1. Get a file name from the user, assumed to be an ordinary
text file.
2. Start the Timer (I'll give you the code).
3. Read the file and store each word in main memory, using a linked list for the
first program and a binary search tree for the second program. Do not have
any duplicate nodes for the same word. Instead, keep an integer count for
each word in the node for that word.
4. When your program gets to the end of the file, stop the Timer and report how
long it took.
5. Go into a loop that gets a word from the user, and searches the data
structure to find out how many times that word appears in the file. Stop
the loop when the user types in "q!".
6. For the Linked List version:
A linked list will store the words in alphabetical order only if you program it
to maintain alphabetical order as you enter each node. You must program
your linked list so that it maintains alphabetical order as you insert the
words. You may not sort the link list after the file has been read, since
a sort at the end would be very inefficient. At the end, do a simple walk
of the linked list and print to the screen each word in and how many times that
word appeared.
For the Binary Search Tree version: Since a
correct binary search tree will always store its words in alphabetical order, do
an in-order traversal of the binary search tree, printing to the screen the word
in each node and how many times that word appeared in the text file.
You can see a working executable of the finished project using a binary search tree at ~sbadman/csc125traditional/project2solution/
Code on the Internet will almost always implement a binary tree using recursion, and often will use recursion to implement a linked list. We will study recursion later, and will study the difference between an iterative and a recursive solution for binary search trees. If you don't know what I am talking about, that is fine. Implement your linked list and tree functions using while loops. You may not use recursion in this project, even if you know how. (For those of you who know how, it will be good practice to implement a non-recursive solution).
You are welcome to modify or completely re-write the supplied code, but that is not necessary for this project. I suggest you concentrate on creating the Linked List and Binary Search Tree Abstract Data Types (i.e. classes).
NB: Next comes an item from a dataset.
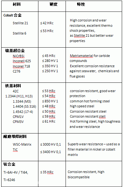 目前,利用激光熔覆技術可以製備鐵基、鎳基、鈷基、鋁基、鈦基、鎂基等金屬基複合材料。從(cong) 功能上分類:可以製備單一或同時兼備多種功能的塗層如:耐磨損、耐腐蝕、耐高溫等以及特殊的功能性塗層。從(cong) 構成塗層的材料體(ti) 係看,從(cong) 二元合金體(ti) 係發展到多元體(ti) 係。多元體(ti) 係的合金成分設計以及多功能性是今後激光熔覆製備新材料的重要發展方向。常見的激光熔覆材料見下表:
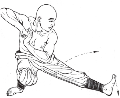 3.接着做右仆步,动作与前势相同,唯方向相反。(图2-133)

I also suggest that you complete the Linked List Abstract Data Type first, and get the program working completely correctly using the linked list. Once you understand the linked list code, you will find that the binary search tree is very similar. Linked lists have a pointer to the next node in the list. Binary search trees have two pointers, one to the left child node and one to the right child node. Because of the two choices, binary search tree code is a little more complicated than the linked list code, but there are no significant conceptual differences.
It is standard style to create a separate class for the nodes of the list or tree then a different class that represents the entire list or tree. A common mistake that students make is to try to create a single class that does everything. A list or tree has to consist of nodes, and it is much easier to have each node to be an object of a Node class, and then have a single list or tree object that gives access to the data in the nodes, but keeps direct access to the node objects within itself.
It is also standard style to make the
list or tree classes the friend of the Node classes. The code looks like
this:
class ListNode
{
friend class LinkedList;
public:
// other code
private:
Node nextNode;
};
The friend
statement in the code above lets any function in the
LinkedList class access to the private data in any Node object. Thus the
LinkedList object can manipulate the nextNode
pointers directly. This is a violation of good object oriented design, but
is normally accepted in data structures because efficient manipulation of
pointers is critical to the performance of the program. Good object
oriented design would require a getter and setter function in class Node.
That would add two function calls to each pointer assignment, however, and would
slow down the execution of the program significantly. You are
welcome to use friend
statements in your code if you wish.
There are three keys to understanding the code for both linked lists and binary search trees:
1. Use diagrams! Diagrams similar to the green boxes in Deitel's section 21.4 are absolutely necessary for understanding data structures. Before you even start coding, be sure you understand the algorithm using diagrams. Then if you are stuck as you are coding, draw a diagram, and try to change the pointers to follow what your code says.
2. A node class (or
struct in C) can contain a pointer to a another node of the same class.
Although this would never work in C or C++:
class Node
{
// other code
private:
Node nextNode;
};
because an object of class Node would contain a
complete object of class Node, which would contain a complete object of class
Node, which would contain a complete object of class Node, which would ....
However, this does work:
class Node
{
// other code
private:
Node* nextNode;
};
because a pointer to an object is completely different
from an object. A pointer is just 4 bytes in size and cannot "contain"
anything but the pointer itself. There is no object inside another object.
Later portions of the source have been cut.